# GIVEN INFORMATION

——————————

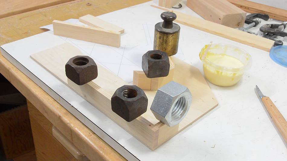 A piece of wood on the end of the carriage bolt keeps the bolt's head from
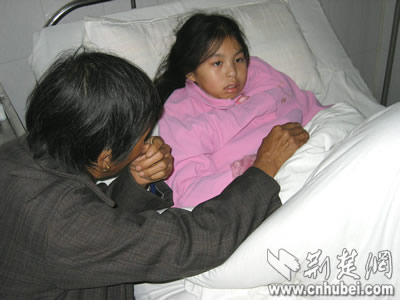 在縣人民醫(yī)院內(nèi)三科9病房里,潔白的病床上躺著一個(gè)面色蒼白、嘴唇發(fā)烏的小姑娘,她就是楊青。在楊青艱難地望過(guò)來(lái)的時(shí)候,記者的心不禁打了個(gè)顫:大眼睛沒(méi)有一絲神采!記者反復(fù)醞釀的問(wèn)候語(yǔ)哽在喉中。楊青的父母、奶奶、姑媽?zhuān)瑓s忍不住悲傷,淚如雨下!皸钋啵阃床煌?”“痛……”楊青張了張嘴,聲音弱得幾乎聽(tīng)不見(jiàn)!澳睦锿矗嬖V阿姨好嗎?”“全身都痛!睏钋囝澏吨鲁鲞@4個(gè)字后,不再開(kāi)口說(shuō)話(huà)。
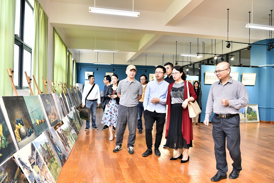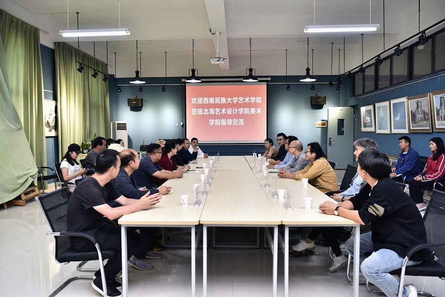 西南民族大学艺术学院领导老师此行还专程回访了在我校担任教师的优秀毕业生代表郭巍、王勃,参观了我校党委书记李高南同志个人摄影展、校园环境以及美术学院各专业教研室的工作室。
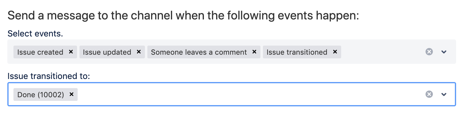 You own a project and want to know when an issue is transitioned to Done or commented. You can set up event filters with an issue status transition filter to narrow down the number of notifications you get. And don’t forget to select the Jira project you care about as another filter also.

——————————

# TO DO
Only the pictures stay behind; everything else in the data above is to be retyped exactly.

# RESPONSE TO THIS EXERCISE
 A piece of wood on the end of the carriage bolt keeps the bolt's head from
 在縣人民醫(yī)院內(nèi)三科9病房里,潔白的病床上躺著一個(gè)面色蒼白、嘴唇發(fā)烏的小姑娘,她就是楊青。在楊青艱難地望過(guò)來(lái)的時(shí)候,記者的心不禁打了個(gè)顫:大眼睛沒(méi)有一絲神采!記者反復(fù)醞釀的問(wèn)候語(yǔ)哽在喉中。楊青的父母、奶奶、姑媽?zhuān)瑓s忍不住悲傷,淚如雨下!皸钋啵阃床煌?”“痛……”楊青張了張嘴,聲音弱得幾乎聽(tīng)不見(jiàn)!澳睦锿矗嬖V阿姨好嗎?”“全身都痛!睏钋囝澏吨鲁鲞@4個(gè)字后,不再開(kāi)口說(shuō)話(huà)。
 西南民族大学艺术学院领导老师此行还专程回访了在我校担任教师的优秀毕业生代表郭巍、王勃,参观了我校党委书记李高南同志个人摄影展、校园环境以及美术学院各专业教研室的工作室。
 You own a project and want to know when an issue is transitioned to Done or commented. You can set up event filters with an issue status transition filter to narrow down the number of notifications you get. And don’t forget to select the Jira project you care about as another filter also.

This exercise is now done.